NS&I has announced a key change to Premium Bonds which will affect all savers. From the August draw, the prize fund rate will fall from the current 3.8 per cent down to 3.6 per cent.
The odds of each £1 Bond winning will stay the same at the current 22,000 to one.
With the drop in the prize fund rate, there will be fewer big cash prizes on offer, with NS&I predictions showing the number of £100,000 prizes decreasing from 79 in June to 75 in August. There will be eight fewer £50,000 prizes and more than 40 fewer £10,000 prizes.
But there will continue to be two £1 million jackpot prizes on offer, as with every monthly prize draw. Andrew Westhead, NS&I retail director, said: “This adjustment to the Premium Bonds prize fund rate – the first in four months – reflects the changing landscape for savings.”
The prize fund rate last dropped from the April draw, when it fell from four per cent down to 3.8 per cent. There were also cuts to the fund rate in January and in December last year.
Mr Westhead added: “Premium Bonds maintain their unique appeal by offering complete security backed by HM Treasury, the flexibility to withdraw easily, and the excitement of potentially winning a tax-free prize each month. The August draw is expected to deliver more than six million tax-free prizes worth over £396 million.
“By making this adjustment now, we’re able to continue to balance the interests of savers, taxpayers and the stability of the broader financial services sector.”
Finance experts have said it was always likely NS&I would cut the prize fund rate again. Sarah Coles, head of personal finance at Hargreaves Lansdown, explained: “The writing has been on the wall for Premium Bond prizes ever since the Bank of England cut interest rates in May.
“The most competitive easy access savings rates have held up impressively, but the market has been inching gradually south. At the start of April, the average easy access account paid 2.76 per cent and now it’s offering 2.68 per cent (Moneyfacts). NS&I pledges to be middle of the road, and as the road has moved into less rewarding territory, it was bound to make this cut.”

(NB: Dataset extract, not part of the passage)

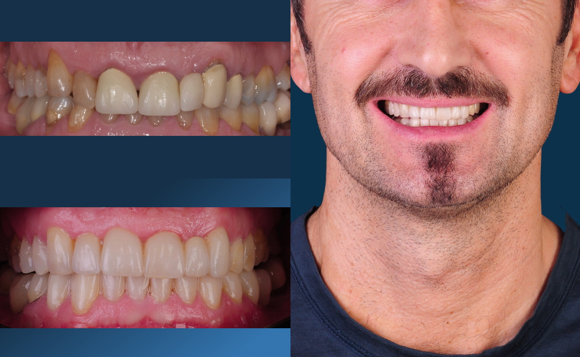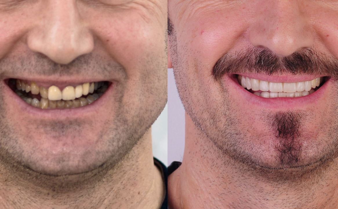 Ein Patient mit alten Kronenversorgungen, schiefen Zähnen und ungleichmäßigem Zahnniveau wurde zunächst kieferorthopädisch behandelt, um die Ausgangssituation funktionell zu optimieren. Anschließend wurde mit einer ästhetisch abgestimmten Kombination aus Kronen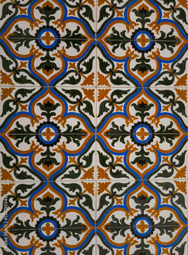 Seville style ceramic wall pattern, floral motifs, intricate geometric patterns

The Bank of England cut the base interest rate from 4.5 per cent down to 4.25 per cent in May. It opted to keep it at this level earlier this month.
Ms Coles warned further Premium Bonds rate cuts could be on the cards. She said: “At a time when the Bank of England is expected to make two more rate cuts before the end of the year, there’s a decent chance that savings rates will continue to gradually edge lower. The prize rate is likely to fall in step with it.”
She pointed to the stark fact that the average Bond holder will win nothing in the average month. Ms Coles said: “It means your savings are likely to lose money after inflation.
“It’s always worth taking stock when the rate falls, and considering whether you’re still happy with the deal, or whether you’d prefer the certainty of a strong rate in the wider savings market. Check what’s available from online banks and saving platforms, where you’ll usually find the strongest deals.”